Premierenpublikum in Champagnerlaune
: Todgeweihtes Theaterhaus

Ausgehen und rumstehen

von Sascha Ehlert

Wie schon Heidegger sagte: Der Mensch ist noch nicht der Sterbliche“, sagt er, nestelt an seinem bunt gestrickten Pulli, Marke Carlo Colucci (made in Germany), herum und nippt andächtig an seiner Weißweinschorle. Der Wein schmeckt kantig, erdig, billig – ja, das hier ist die Volksbühne.
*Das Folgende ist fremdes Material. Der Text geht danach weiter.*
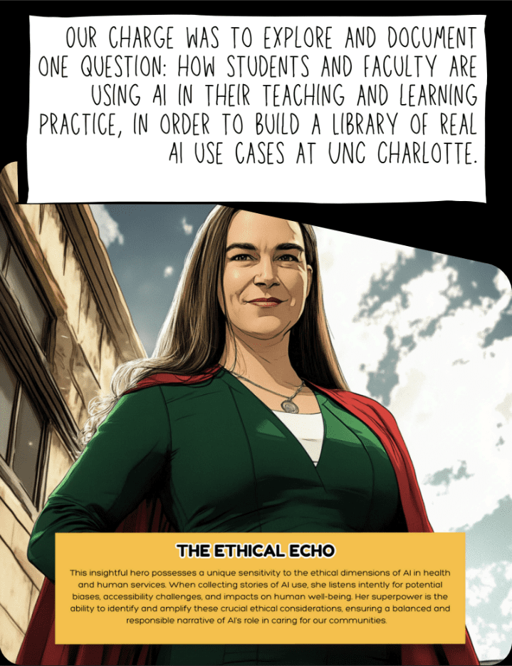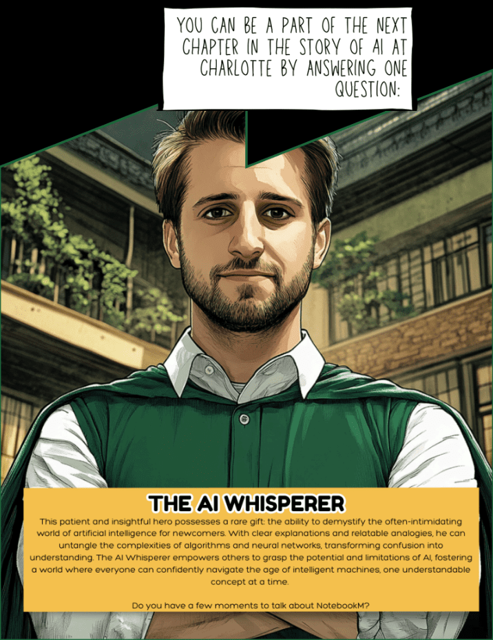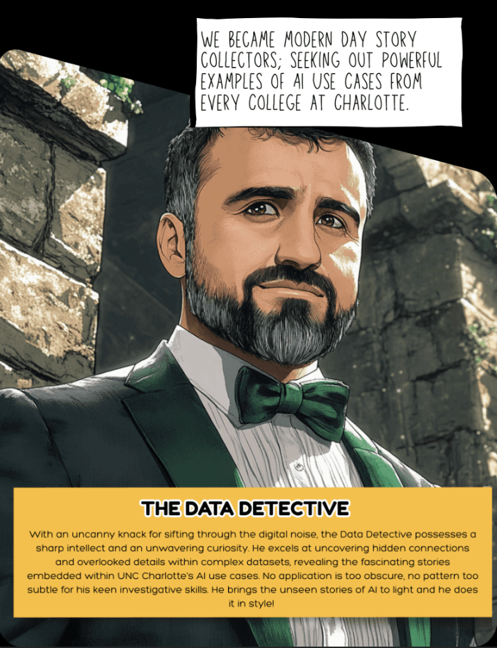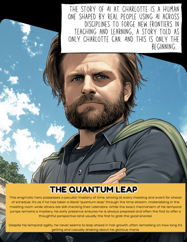 Using our Charlotte AI Stories as data, Dr. D’TAIL is here to help you reflect, explore what’s possible, and design meaningful, ethical uses of AI for your students.

Es ist Freitagabend, kurz vor sieben, ich lehne mich mit dem Rücken an eine der Säulen, gucke Menschen an und leere den Restwein in meinem Glas kurzerhand in mich hinein.

Was gibt’s Schöneres zum Start ins Wochenende als einen Premierenabend in der Volksbühne? Heute steht „Erobert euer Grab“ über dem selbst dem Tode geweihten Theaterhaus. Die Banderole, auf der dies geschrieben steht, ist natürlich schwarz, genauso schwarz wie die Sitzsäcke und die bedrückend morbiden Lametta-Vorhänge aus Bert Neumanns letztem Bühnenbild. Seit dessen Tod und dem gespenstisch kurz zuvor verkündeten Ende der Ära Castorf ist in der Volksbühne Totentanz-Zeit.

Die wunderbar stilvollen Künstlerinnen, die Jackettträger, die Skandinavier und die in proletarischer Streetwear auftretenden Nachwuchsdramaturgen sind nichtsdestotrotz in Champagnerlaune. Klar, sie sind ja auch wer: Premierenpublikum. Elitärer Dreckshaufen, denke ich und fasse mir an meine Nase.

Tickets wofür? Ist ja bei Premieren eher unwichtig, aber egal: „Krieg“ heißt der Abend, eine Oper in einem Akt, ein Tableau vivant über den Todeskampf eines Soldaten, erdacht vom Performance-Künstler Ragnar Kjartansson und unterlegt mit kitschiger Orchestermusik von Kjartan Svensson von Sigur Rós – ein Pop-Kunst-Ereignis par excellence.

Maximilian Brauer, dieser absolut irrlichternd grenzdebile Typ, stirbt darin, sechzig Minuten lang. Als er endlich tot ist, endlich liegen bleiben darf, klatscht das Publikum teilnahmslos. Traurig schleiche ich aus dem Saal, flüchte mich in die Katakomben und lasse mich in die Kantine führen. „Eine Weißweinschorle, bitte.“

Die Volksbühne startete mit diesem Abend seine „Schwarze Serie“ – sieben Premieren in sieben Wochen – natürlich erhöht ein Haus wie dieses den eigenen Abgang so selbstreferenziell und bedeutungsschwanger wie nur möglich. Dann brummt mein Smartphone.

So vibriert es nur, wenn Spiegel Online mir was sagen will: Eilmeldung, guck auf die Glasplatte! Es ist 18 Uhr und natürlich ist mal wieder alles noch schlimmer. Das Kneipenpublikum starrt auf große Flachbildfernseher, es läuft Fußball. Ich starre auf mein Glas und puste versonnen in den Bierschaum. „Wie wollen wir sterben?“, fragt Carl Hegemann.